Exercise instructions: Repeat the data in full. Drop every picture.

==== Dataset extract ====

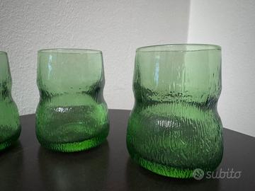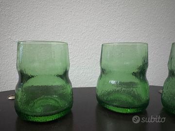 Bicchieri vintage, ideali per amari e grappe o per il caffè. Bel colore verde, di forma irregolare. Mai usati, in ottime condizioni. 6 pezzi.
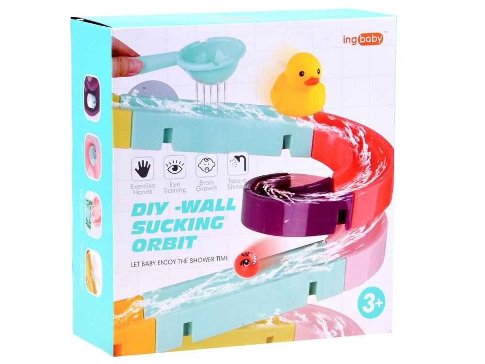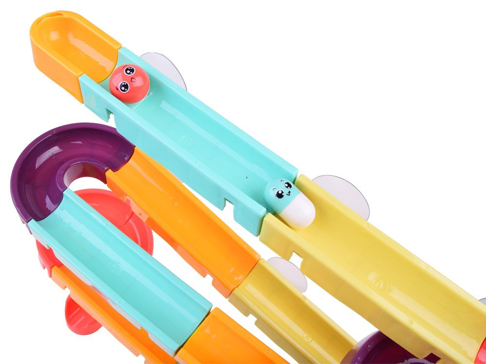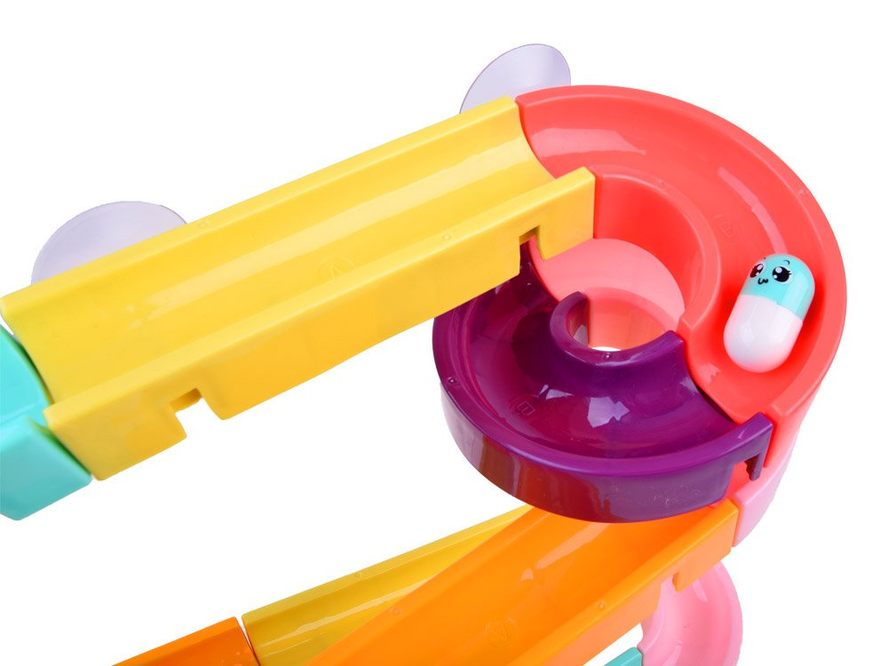 Kreatywny zestaw Tor ze zjeżdżalnią dla zabawek przeznaczony do zabawy podczas kąpieli. Zestaw wykonany jest z plastiku, posiada silikonowe przyssawki, dzięki którym tor można przymocować go do płytek w łazience. W zestawie są kolorowe elementy do zbudowania zakręconego toru, gumowe kaczki, kulki, fasolki i sitko.
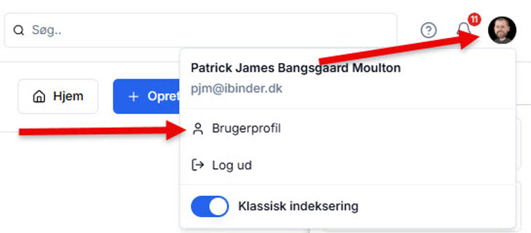 Klik på ikonet som vist nedenfor og dernæst på "Brugerprofil"
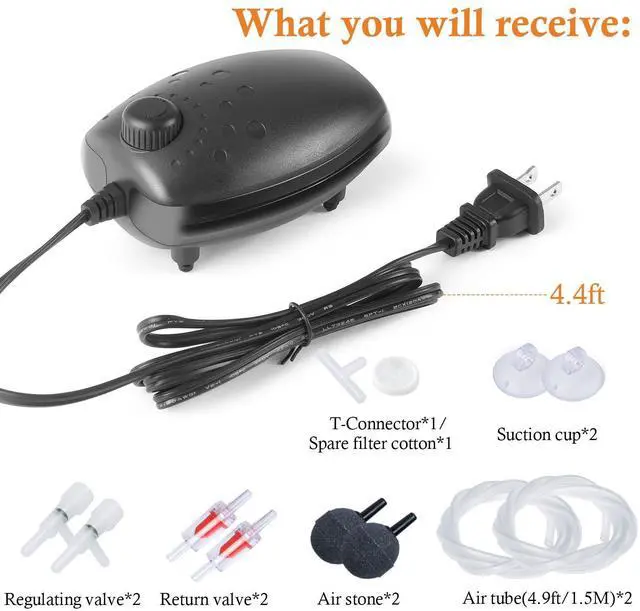 This oxygen pump can be used for 2 fish tanks at the same time, also can be connected with a T-connector to become an outlet.

====

Worked solution:
 Bicchieri vintage, ideali per amari e grappe o per il caffè. Bel colore verde, di forma irregolare. Mai usati, in ottime condizioni. 6 pezzi.
 Kreatywny zestaw Tor ze zjeżdżalnią dla zabawek przeznaczony do zabawy podczas kąpieli. Zestaw wykonany jest z plastiku, posiada silikonowe przyssawki, dzięki którym tor można przymocować go do płytek w łazience. W zestawie są kolorowe elementy do zbudowania zakręconego toru, gumowe kaczki, kulki, fasolki i sitko.
 Klik på ikonet som vist nedenfor og dernæst på "Brugerprofil"
 This oxygen pump can be used for 2 fish tanks at the same time, also can be connected with a T-connector to become an outlet.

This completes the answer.